The novel WHO 2010 classification for gastrointestinal neuroendocrine tumours correlates well with the metastatic potential of rectal neuroendocrine tumours.

Author information

1
Department of Pathology, Haartman Institute and HUSLAB, Helsinki University Central Hospital, Haarmaninkatu 3, Helsinki, Finland. juha.jernman@pshp.fi

Abstract

BACKGROUND:

Approximately 10-15% of gastroenteropancreatic neuroendocrine tumours (NETs, carcinoids) occur in the rectum, some of which are potentially able to metastasize. The new WHO 2010 classification of NETs applies to all gastroenteropancreatic NETs, but no reports have studied its correlation with the prognosis of rectal NETs.

PATIENTS AND METHODS:

We retrospectively classified 73 rectal NETs according to the novel WHO 2010 and the previous WHO 2000 classifications. The aim was to assess the validity of the classifications in distinguishing indolent rectal NETs from metastasising tumours.

RESULTS:

Using the WHO 2010 criteria, we identified 61 G1 tumours, none of which had metastasised during follow-up. Of 11 G2 tumours, 9 had shown distant metastases.

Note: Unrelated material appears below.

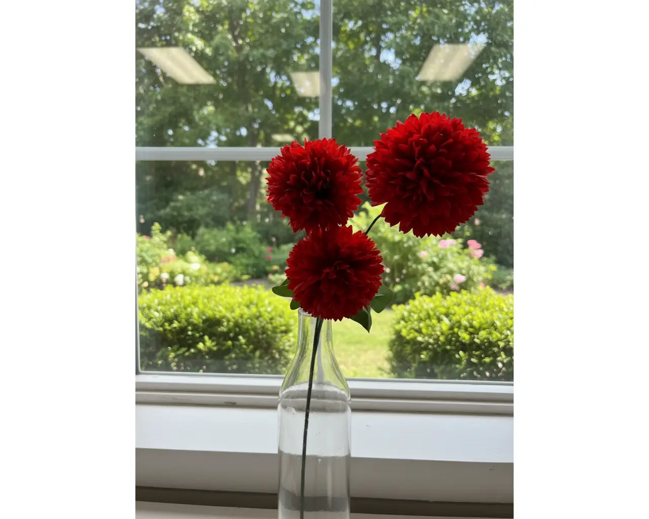 / Pom Flower Spray x3 Heads 27″ – Light Red

The only G3 neuroendocrine carcinoma that occurred had been disseminated at initial presentation.

CONCLUSION:

Our results show that rectal NETs classified as G1 according to the WHO 2010 classification have an indolent clinical course, whereas G2 NETs often metastasise. The WHO 2010 classification of NETs predicts the metastatic potential of rectal NETs better than the WHO 2000 classification.

PMID:
22327359
DOI:
10.1159/000333035
[Indexed for MEDLINE]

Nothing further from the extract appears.